For cancer prevention, the AICR/WCRF and the American Cancer Society (ACS) recommend getting at least 150 minutes of moderate or 75 minutes of vigorous physical activity per week, along with muscle resistance and flexibility exercises. The ACS adds that any activity over and above usual activities of daily living is beneficial, so while moderate to vigorous exercise is certainly optimal, it is also important to encourage any increase in physical activity during the day such as walking, taking the stairs when possible, and avoiding prolonged periods of sitting.^46,47

Lack of physical activity is a major public health problem with only a minority of Americans meeting the recommended exercise guidelines. In a study of over 300 000 Americans, fewer than 25% met published exercise recommendations; increased age and comorbidities were associated with poor compliance.⁴⁸ Counseling about the importance of physical activity, writing exercise prescriptions, and referral to physical therapy or medically supervised exercise programs when appropriate could have a significant impact on cancer prevention and overall health.

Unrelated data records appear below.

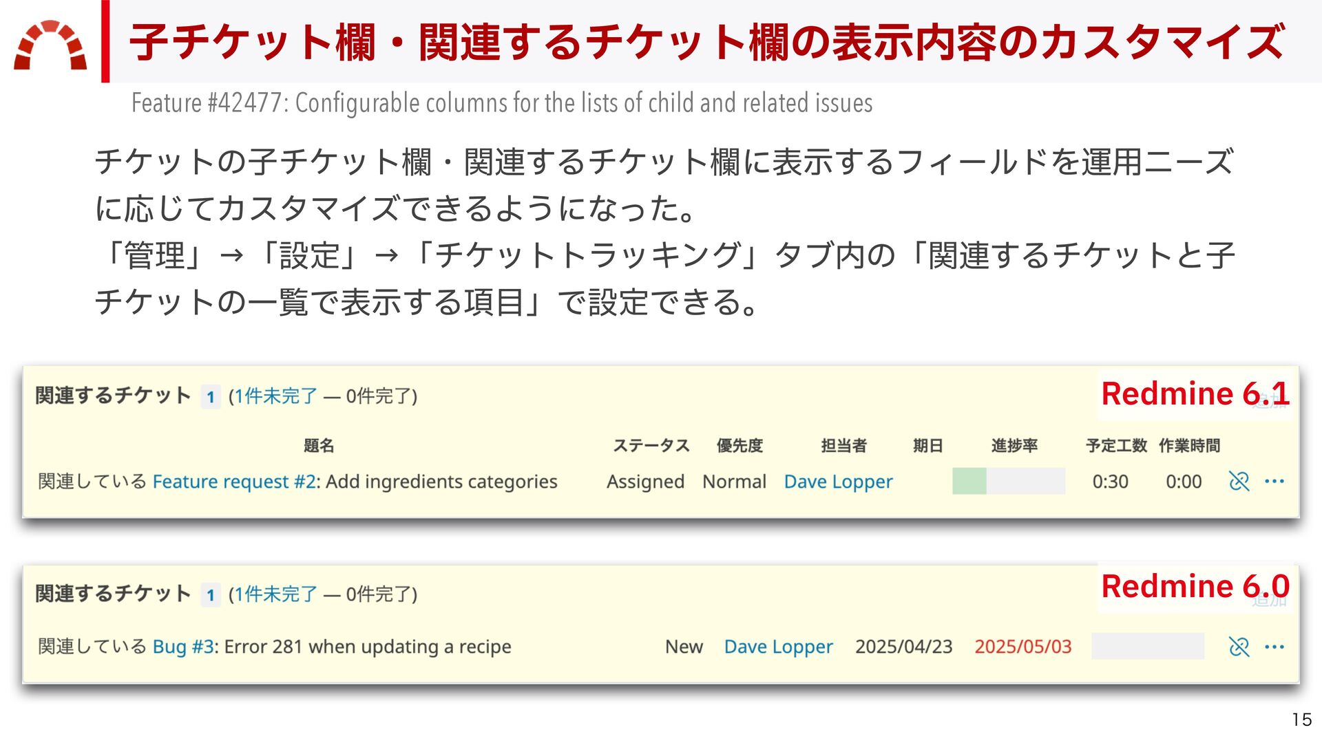 columns for the lists of child and related issues チケットの 子 チケット欄・関連するチケット欄に表 示 するフィールドを運 用 ニーズ に応じてカスタマイズできるようになった。 「管理」→「設定」→「チケットトラッキング」タブ内の「関連するチケットと 子 チケットの 一 覧で表 示 する項 目 」で設定できる。 Redmine 6.1 Redmine 6.0
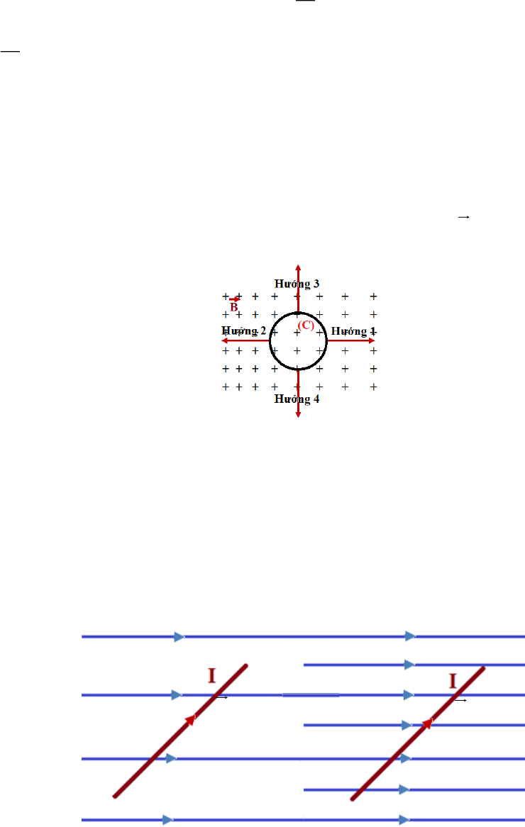 Câu 12. Cho dòng điện có cường độ I di chuyển từ trái qua phải trong một vùng không gian có từ trường
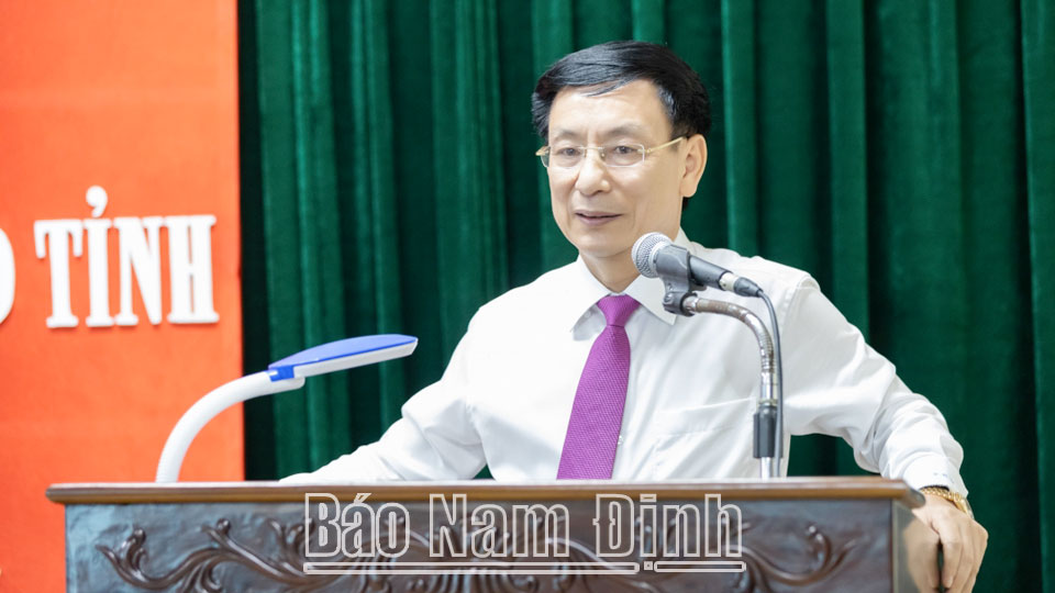 | Đồng chí Chủ tịch UBND tỉnh Phạm Đình Nghị phát biểu giao nhiệm vụ cho đồng chí Nguyễn Thị Thu Thủy, Giám đốc Sở LĐ - TB và XH. |
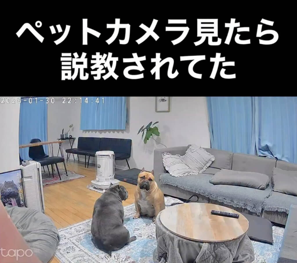 外出先でペットカメラを確認した飼い主さん。思わず笑ってしまったという出来事がInstagramで話題になっています。投稿された動画は記事執筆時点で218万再生を超え、1万5000件以上もの”いいね”を獲得しています。
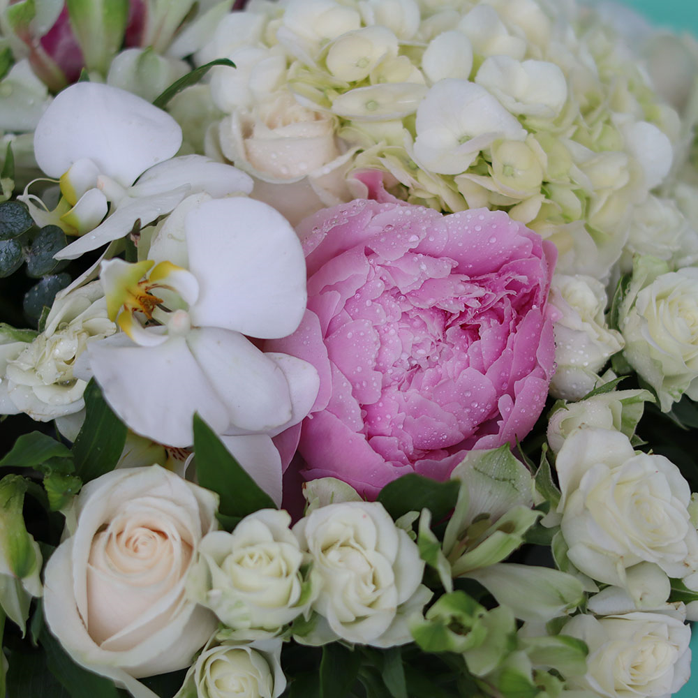 This bouquet contains hydrangeas, peony, roses and baby roses in a amazing vase.
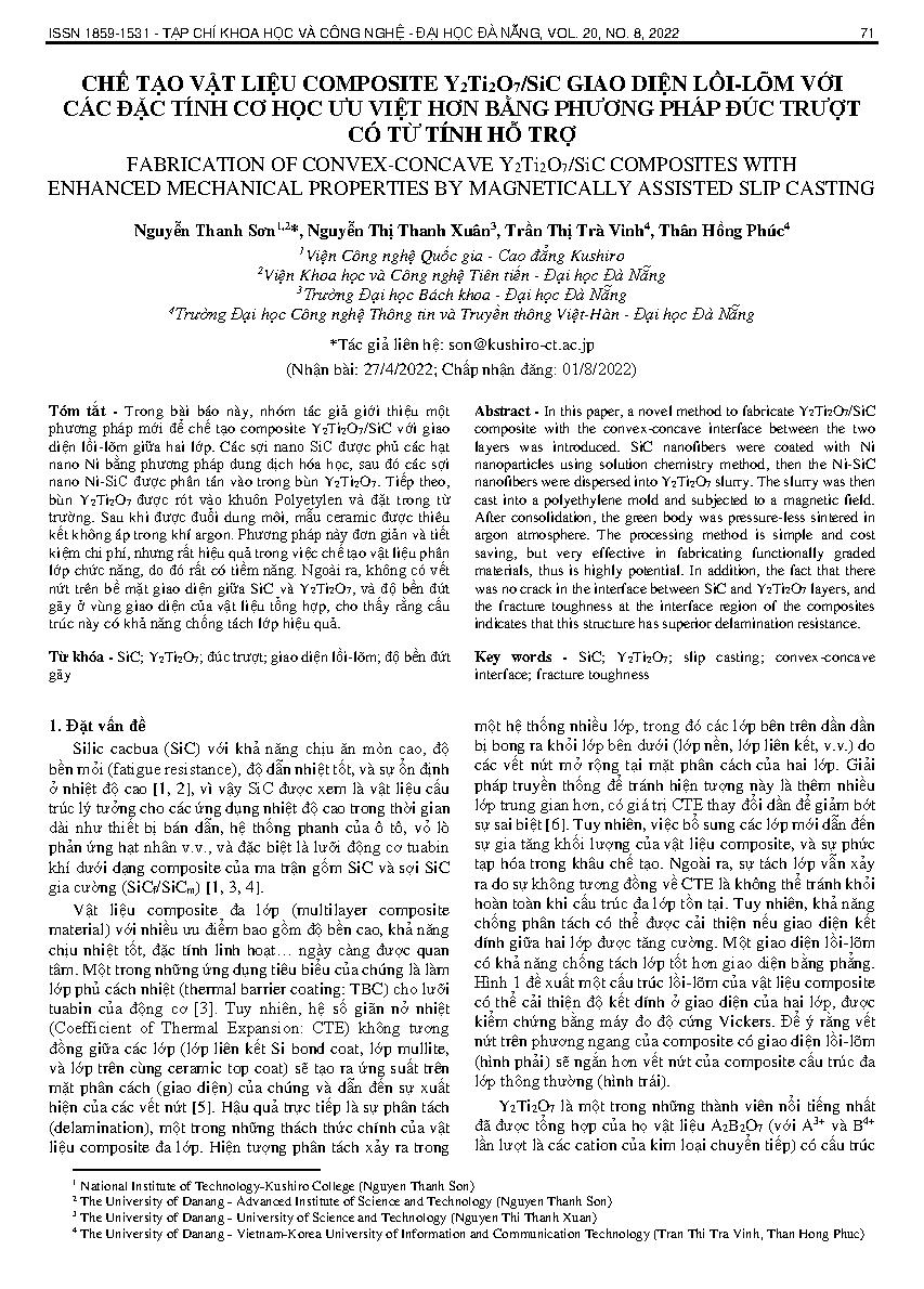 Chế tạo vật liệu composite y2ti2o7/sic giao diện lồi-lõm với các đặc tính cơ học ưu việt hơn bằng phương pháp đúc trượt có từ tính hỗ trợ = Fabrication of convex-concave y2ti2o7/sic composites with enhanced mechanical properties by magnetically assisted s

Tertiary Breast Cancer Prevention

While the evidence for the impact of modifiable lifestyle factors on breast cancer risk is strong, the impact on survival after diagnosis is less clear. From 1989 until 2017, the breast cancer death rate has declined by 40%, and by 2019, the American Cancer Society estimated that there are over 3.8 million breast cancer survivors living in the United States.⁶ Many breast cancer survivors are living for decades beyond their diagnosis, and these individuals have unique medical and psychosocial needs that need to be addressed in the survivorship phase of care. Important issues in breast cancer survivorship care include management of short and long-term side effects from cancer treatment, monitoring for risk of cancer recurrence, screening for new primary breast cancers, and proactive assessment of diet, exercise, and other lifestyle factors.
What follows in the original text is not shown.